Überflutungen im Südwesten - Hochwasser-Gefahr in Oberbayern

Stundenlanger Regen hat im Süden Deutschlands erneut Bewohner, Feuerwehr und Polizei in Atem gehalten. Betroffen war vor allem der nordwestliche Teil Baden-Württembergs. Dort zog sich ein Feuerwehrmann bei einem Einsatz lebensgefährliche Verletzungen zu.

Überflutungen im Südwesten - Hochwasser-Gefahr in Oberbayern
Andreas Rosar Überflutungen im Südwesten - Hochwasser-Gefahr in Oberbayern

Auch in Bayern traten Bäche über die Ufer, in dem Ort Polling drohte zum zweiten Mal binnen weniger Tage Hochwasser. Umweltministerin Barbara Hendricks (SPD) setzt angesichts der Unwetterserie auf bessere Vorhersagen. Der Deutsche Wetterdienst (DWD) erwartet in den nächsten Tagen aber erst einmal Beruhigung.

Der Feuerwehrmann verletzte sich am Mittwochabend an einer S-Bahn-Haltestelle in Bretten bei Karlsruhe. Der 35-Jährige war auf einen Güterwaggon geklettert, um sich einen Überblick über eine Schlammlawine zu verschaffen, in die der Zug geraten war. Dabei kam es zu einem Stromschlag von der Oberleitung.

Zwischen Sulzbach und Murrhardt kam der Verkehr der Murrbahn wegen unterspülter Gleise zum Stillstand. In Schemmerhofen stürzte ein Bauarbeiter in eine drei Meter tiefe Grube und verletzte sich schwer. Nach Angaben der Polizei hatte er zusammen mit Kollegen versucht, die Grube zum Schutz vor einem Gewitter mit einer Plane abzudecken.

Auf dem Gelände des Flugplatzes Mosbach-Lohrbach wurde ein Arbeiter von einem Blitz getroffen und leicht verletzt, als er eine Antenne wartete. Bei Ölbronn-Dürrn setzte ein Blitzschlag eine Scheune in Brand.
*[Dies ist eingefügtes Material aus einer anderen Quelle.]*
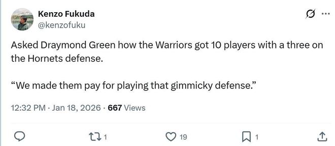 而勇士隊之所以多點開花,一方面是因為球員狀態回暖,另外一方面也是因為黃蜂隊堪稱“奇葩”的防守策略。
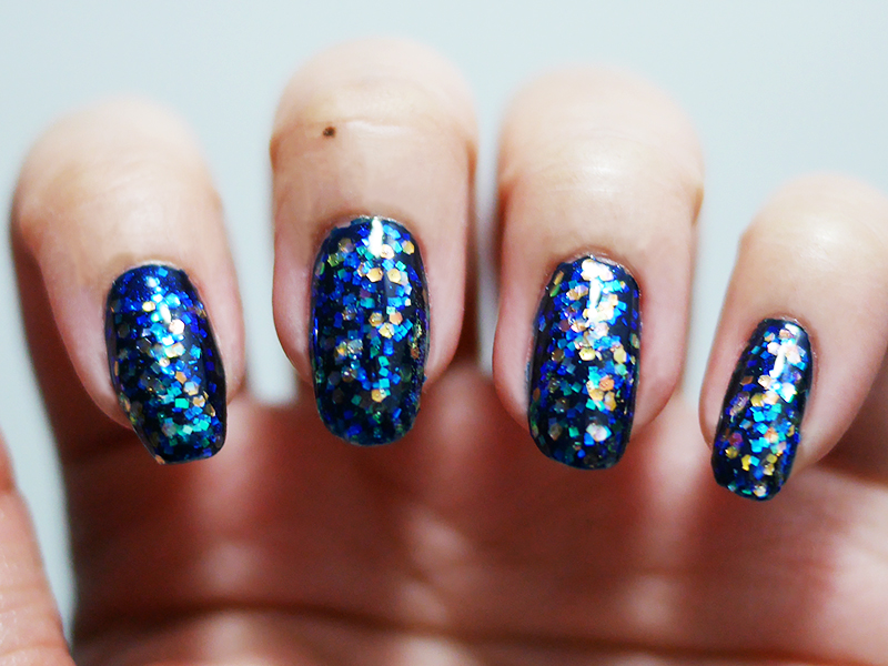 This is Revlon's Heavenly over a black nail polish base. Heavenly consists of holo-gold hex glitter and holo-blue square glitter in a clear base. The glitter aren't opaque so they do look better against darker colours.
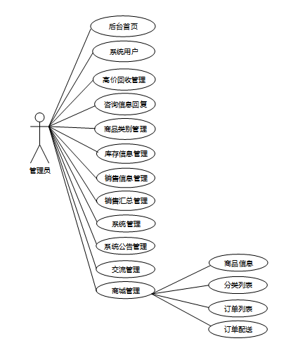 图2-4基于Spring Boot技术的二手相机商城系统管理员角色用例图
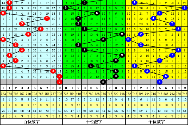 跨度:近5期跨度分布在3-8之间,振幅为6点,分布非常分散,上期跨度为3,下降2点,本期注意跨度走大,关注4区段。
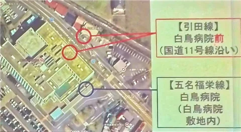 そして今度白鳥病院の方なんですけれども、これちょっとですね。別のところであった意見だったので、今回も載せさせていただいたんですけれども、白鳥病院ってバス停二箇所あるんです。ご存知の方も・・・

Das Feuer konnte aber schnell gelöscht werden. Mehrere Straßen und Keller standen unter Wasser. Nach ersten Schätzungen der Polizei beträgt der Schaden der Unwetternacht allein in zwei der betroffenen Kreise mindestens rund 500 000 Euro.

Im oberbayerischen Landkreis Weilheim-Schongau wurden Straßen und eine Firma für Elektrogeräte überschwemmt. In Polling, dessen Ortskern erst am Sonntag überflutet worden war, wurden sechs Straßen gesperrt. Das Technische Hilfswerk (THW) versuchte, Wasser aus dem Tiefenbach zu pumpen, um das Überlaufen des Flüsschens zu verhindern.

Der bayerische Landtag gedachte nach der Hochwasserkatastrophe in Niederbayern mit einer Schweigeminute der Toten. Denjenigen, die ihr Hab und Gut verloren hätten, müsse schnell und unbürokratisch geholfen werden, sagte Landtagsvizepräsident Reinhold Bocklet (CSU) am Donnerstag. Bei den Überschwemmungen im Landkreis Rottal-Inn in der vergangenen Woche starben sieben Menschen. Nach Schätzungen des Landrats entstand ein Schaden von mehr als einer Milliarde Euro.

Bundesumweltministerin Hendricks erinnerte angesichts der vielen Unwetter in Deutschland an die Folgen des Klimawandels. «Durch den Klimawandel häufen sich diese Ereignisse», sagte sie der «Nordwest-Zeitung». «Mit immer neuen Temperaturrekorden erhöht sich auch die Wahrscheinlichkeit für Wetterlagen, die Extremereignisse begünstigen.» Die Länder und der Deutsche Wetterdienst arbeiteten bereits an besseren Vorhersagen. «Hier brauchen wir aber auch noch mehr Forschung.»

Nach zuletzt zwei Wochen mit heftigen Unwettern beruhigt sich die Wetterlage den Prognosen zufolge bald - und es wird merklich kühler. Polarluft soll die Gewitterwolken immer weiter nach Süden schieben, sie regnen sich voraussichtlich am Alpenrand ab. Die Großwetterlage habe sich geändert, sagte Meteorologe Thomas Ruppert vom DWD. Das hartnäckige Höhentief, das sich zwei Wochen lang über Mitteleuropa gehalten habe, sei nun Vergangenheit.